Aim of the exercise » Using the entries that follow, collect the lines where the word "Palace" appears.

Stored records
____
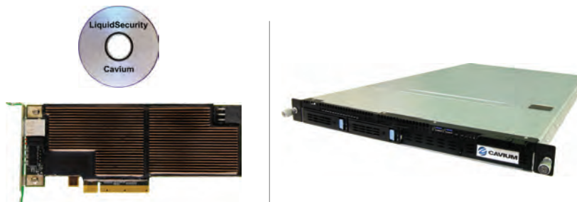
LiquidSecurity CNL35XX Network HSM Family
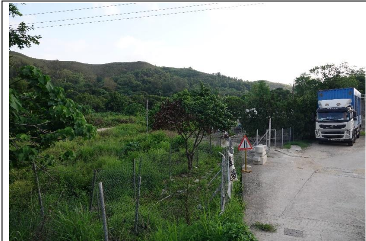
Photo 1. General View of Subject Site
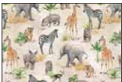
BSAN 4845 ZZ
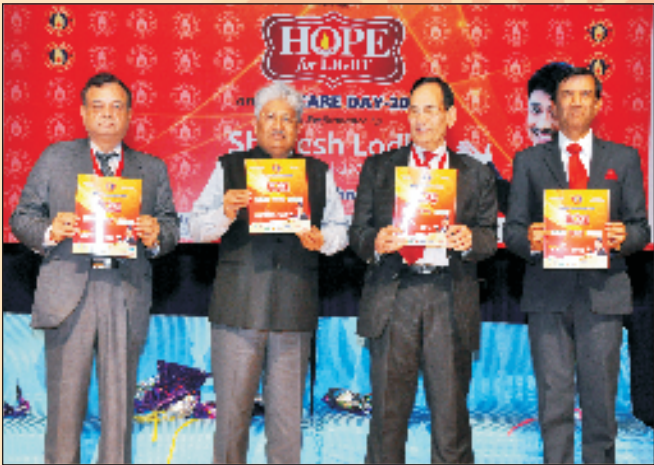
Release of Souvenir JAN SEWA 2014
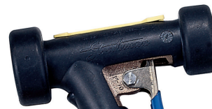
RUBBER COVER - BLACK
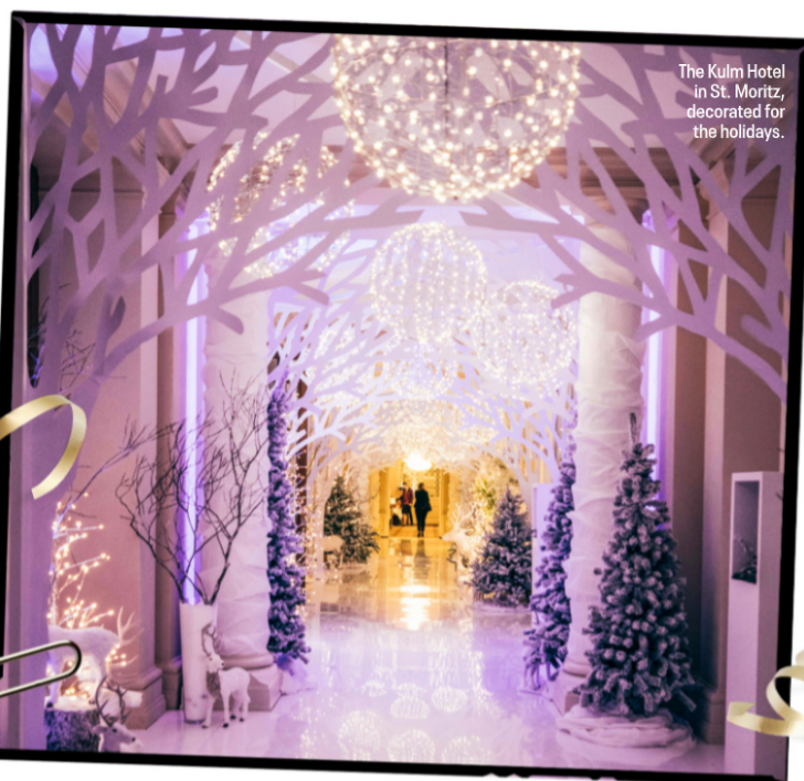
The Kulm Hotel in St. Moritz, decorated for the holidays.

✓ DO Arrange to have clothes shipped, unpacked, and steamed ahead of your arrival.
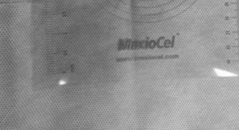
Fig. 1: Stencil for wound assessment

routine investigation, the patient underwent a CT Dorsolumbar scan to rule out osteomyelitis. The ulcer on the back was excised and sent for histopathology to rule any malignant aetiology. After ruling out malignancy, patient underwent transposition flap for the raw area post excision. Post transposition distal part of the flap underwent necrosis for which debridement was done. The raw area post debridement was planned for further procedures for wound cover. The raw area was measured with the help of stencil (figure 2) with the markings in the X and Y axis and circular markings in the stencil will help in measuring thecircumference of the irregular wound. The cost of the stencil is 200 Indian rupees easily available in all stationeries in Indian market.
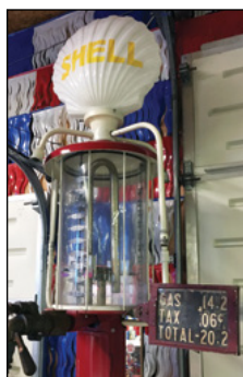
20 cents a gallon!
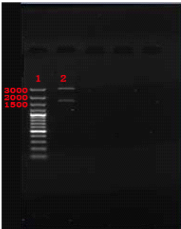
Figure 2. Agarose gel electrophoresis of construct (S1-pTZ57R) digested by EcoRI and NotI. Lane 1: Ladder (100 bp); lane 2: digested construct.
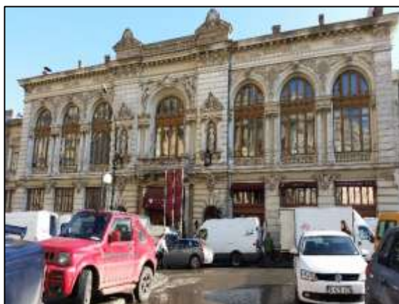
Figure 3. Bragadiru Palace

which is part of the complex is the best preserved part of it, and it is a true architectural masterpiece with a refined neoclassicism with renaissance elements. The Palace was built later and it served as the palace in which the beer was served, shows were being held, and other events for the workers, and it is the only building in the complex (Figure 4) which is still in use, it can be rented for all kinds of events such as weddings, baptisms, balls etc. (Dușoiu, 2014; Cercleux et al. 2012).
____
Written answer »
Figure 3. Bragadiru Palace
which is part of the complex is the best preserved part of it, and it is a true architectural masterpiece with a refined neoclassicism with renaissance elements. The Palace was built later and it served as the palace in which the beer was served, shows were being held, and other events for the workers, and it is the only building in the complex (Figure 4) which is still in use, it can be rented for all kinds of events such as weddings, baptisms, balls etc. (Dușoiu, 2014; Cercleux et al. 2012).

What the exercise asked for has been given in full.